PLAINFIELD – Imagine bright flashing lights catching your eye while you’re walking down a hospital hallway.
You look through an interior window and see the source of the unusual strobe. It’s a robot.
It’s not an anthropomorphic robot with arms and legs and a definable head. It’s more like R2-D2 from “Star Wars,” with a little blue mound of a head that has risen up to expose technology that flashes germ-killing rays across the room.
The robot is being used at Edward Hospital Emergency Department and Edward Hospital Outpatient Center, both in Plainfield, and at the hospital’s main campus in Naperville.
The brand name is Xenex, but staff at the Plainfield facilities have nicknamed their robot POW. The three used at the Naperville center are called Snap, Crackle and Pop.
“When it runs,” Edward Hospital infection control manager Mary Anderson said, “it flashes the light around the room. It’s eye-catching. People notice it. ... Our clinical staff just loves it.”
The robots are a recent addition to the hospital’s germ-fighting arsenal. Housekeeping continues to clean as normal – getting rid of trash and other visible dirt and liquids, then disinfecting surfaces with hospital-grade disinfectants registered with the Environmental Protection Agency. Linens are taken out of the room to disinfect.
Then, housekeeping brings in the robot for additional, state-of-the-art disinfection.
And that’s important, Anderson said, with today’s environment of superbugs.

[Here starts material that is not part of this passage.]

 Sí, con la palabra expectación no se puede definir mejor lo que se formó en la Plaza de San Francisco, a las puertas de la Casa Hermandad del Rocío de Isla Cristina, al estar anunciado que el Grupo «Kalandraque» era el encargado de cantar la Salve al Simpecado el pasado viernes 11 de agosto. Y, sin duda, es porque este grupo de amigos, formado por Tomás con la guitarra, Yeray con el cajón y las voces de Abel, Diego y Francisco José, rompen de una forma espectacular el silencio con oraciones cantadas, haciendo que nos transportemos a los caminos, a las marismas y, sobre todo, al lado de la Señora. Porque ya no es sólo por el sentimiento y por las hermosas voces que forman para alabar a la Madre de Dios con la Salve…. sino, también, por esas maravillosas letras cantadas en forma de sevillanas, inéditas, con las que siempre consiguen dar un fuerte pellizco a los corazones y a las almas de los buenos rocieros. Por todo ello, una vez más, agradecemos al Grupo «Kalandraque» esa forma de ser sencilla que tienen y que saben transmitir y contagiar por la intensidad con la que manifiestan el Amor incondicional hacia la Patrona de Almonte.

According to the Centers for Disease Control and Prevention, one of every 25 U.S. hospital inpatients will contract a hospital-acquired infection; and of those, one in nine will die. HAIs are one of the leading causes of death in the country, and superbugs are one of the reasons.
The most common HAIs in acute care hospitals as of 2011, the CDC reported, result in pneumonia, gastrointestinal illness, urinary tract infections, primary bloodstream infections and surgical site infections, among other conditions.

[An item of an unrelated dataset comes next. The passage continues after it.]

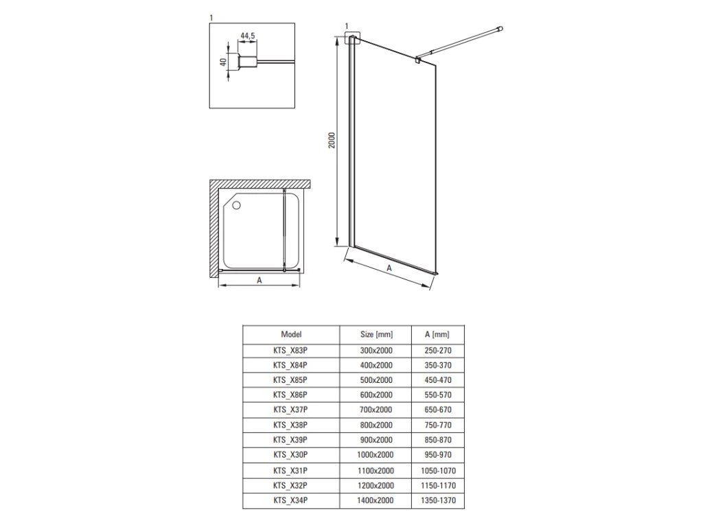 Tabulka rozměrů Walk-In sprchového koutu Kerria Plus

Bacteria gleaned to survive the gamut of antibiotics common in health care environments are the scourge of health care providers today and include methicillin-resistant Staphylococcus aureus, Clostridium difficile, carbapenem-resistant Enterobacteriaceae and vancomycin-resistant Enterococci.
The Xenex robot kills them all.
It also kills other bacteria, viruses, mold, fungi and spores on surfaces and in the air, including the microorganisms that cause Middle East Respiratory Syndrome.

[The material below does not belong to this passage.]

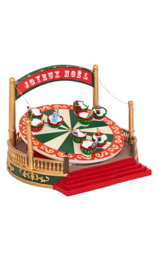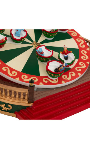 Plongez dans la magie des fêtes avec ce village lumineux manège tasses animé et musical, véritable pièce maîtresse de votre décoration de Noël.

The robot works by flashing high-intensity, full-spectrum germicidal ultraviolet light, according to the Xenex website. It kills microorganisms in four ways – by pulling water molecules into DNA, thus preventing transcription; by photo-splitting the strands of DNA apart; by fusing DNA bases together improperly; and by photo cross-linking to cause cell wall damage.
Anderson, who has a microbiology background, said the robot works on RNA in similar fashions, for the microorganisms that do not have DNA.
“I think they’re terrific,” Anderson said of the robots. “They’ve been very well-received by our housekeeping staff and our clinical staff. ... It’s an added measure of safety – a reassurance to our patients and staff that Edward Hospital is committed to providing a safe environment for everyone.”
Anderson said ultraviolet disinfection technology has been used in other industries for a while now, and it’s something hospital staff have been keeping their eyes on, waiting for a system they considered usable and practical in a clinical setting.
The robot at the hospital’s Plainfield cancer center and procedural areas is used at night, when the large rooms are empty. Patient rooms, including those in the emergency department, can be disinfected during the day, with the doors closed. The UV light can harm the eyes unless viewed through glass.
The Xenex robot sits in one place to complete each 10- or 15-minute cycle. Staff may put it in two locations in one room for maximum disinfection.
Anderson said the hospital does not have statistics yet on whether incidences of infections have been lowered by the devices, as the robots have been in use only about a year. But the Xenex website reported that other institutions studied have greatly reduced infection rates.
The devices are not cheap, and the personnel costs are a bit more to put them into use, but Anderson said it’s worth it.
“Anything we can do to prevent infections is worth the cost and the extra time,” she said.